▸ Exercise prompt
From the material below, retype exactly the lines that begin at the line with "嵌入式 Linux 中,将信息编译进程序的核心思路是" and end after the line with "The image depicts"; pictures stay out of the copy.

▸ Input material
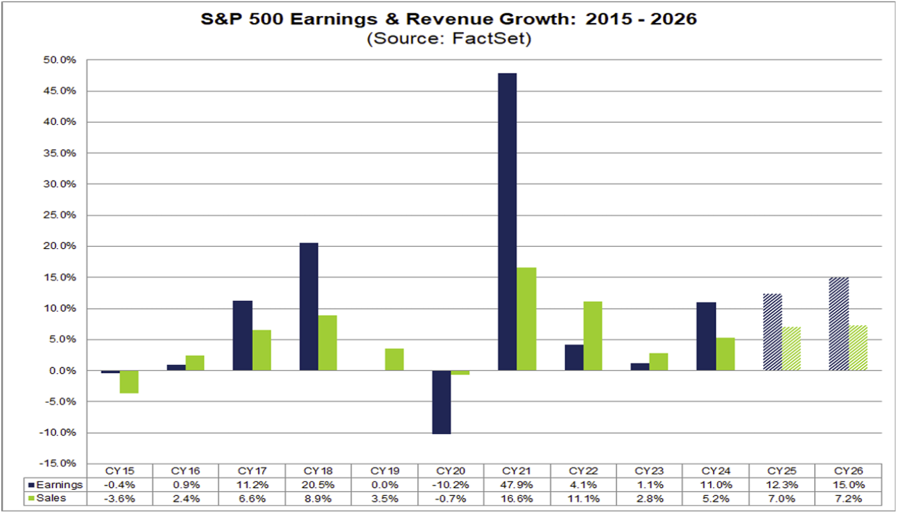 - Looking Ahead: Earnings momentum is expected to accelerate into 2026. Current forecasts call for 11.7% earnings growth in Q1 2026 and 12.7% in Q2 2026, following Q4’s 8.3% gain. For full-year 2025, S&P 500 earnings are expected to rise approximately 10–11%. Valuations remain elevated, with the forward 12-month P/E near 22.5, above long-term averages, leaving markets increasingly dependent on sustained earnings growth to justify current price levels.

---

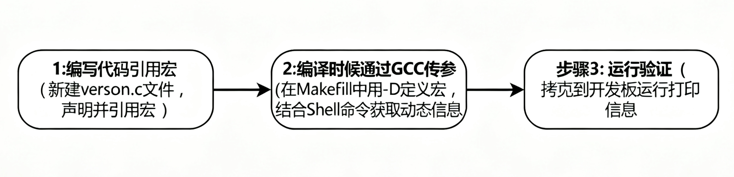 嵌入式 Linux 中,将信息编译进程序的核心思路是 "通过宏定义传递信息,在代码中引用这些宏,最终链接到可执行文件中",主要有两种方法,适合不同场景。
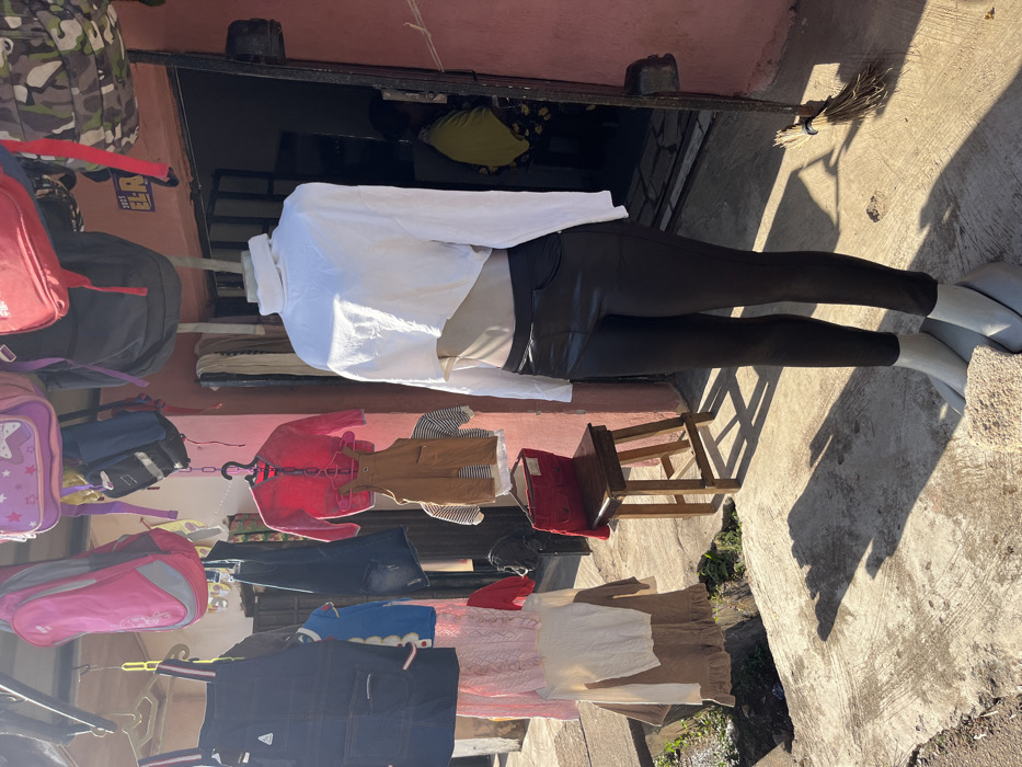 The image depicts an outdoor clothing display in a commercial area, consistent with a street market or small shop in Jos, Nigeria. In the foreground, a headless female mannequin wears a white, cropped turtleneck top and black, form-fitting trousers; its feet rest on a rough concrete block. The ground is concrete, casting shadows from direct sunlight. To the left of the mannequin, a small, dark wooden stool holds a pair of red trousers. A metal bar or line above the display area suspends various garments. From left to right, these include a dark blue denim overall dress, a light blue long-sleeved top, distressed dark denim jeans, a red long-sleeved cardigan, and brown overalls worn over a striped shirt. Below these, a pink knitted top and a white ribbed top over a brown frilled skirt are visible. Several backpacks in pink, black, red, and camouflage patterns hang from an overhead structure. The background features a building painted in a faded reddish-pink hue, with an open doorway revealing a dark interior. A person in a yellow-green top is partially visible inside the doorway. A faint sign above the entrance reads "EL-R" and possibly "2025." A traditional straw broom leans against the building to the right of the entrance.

▸ Task solution
 嵌入式 Linux 中,将信息编译进程序的核心思路是 "通过宏定义传递信息,在代码中引用这些宏,最终链接到可执行文件中",主要有两种方法,适合不同场景。
 The image depicts an outdoor clothing display in a commercial area, consistent with a street market or small shop in Jos, Nigeria. In the foreground, a headless female mannequin wears a white, cropped turtleneck top and black, form-fitting trousers; its feet rest on a rough concrete block. The ground is concrete, casting shadows from direct sunlight. To the left of the mannequin, a small, dark wooden stool holds a pair of red trousers. A metal bar or line above the display area suspends various garments. From left to right, these include a dark blue denim overall dress, a light blue long-sleeved top, distressed dark denim jeans, a red long-sleeved cardigan, and brown overalls worn over a striped shirt. Below these, a pink knitted top and a white ribbed top over a brown frilled skirt are visible. Several backpacks in pink, black, red, and camouflage patterns hang from an overhead structure. The background features a building painted in a faded reddish-pink hue, with an open doorway revealing a dark interior. A person in a yellow-green top is partially visible inside the doorway. A faint sign above the entrance reads "EL-R" and possibly "2025." A traditional straw broom leans against the building to the right of the entrance.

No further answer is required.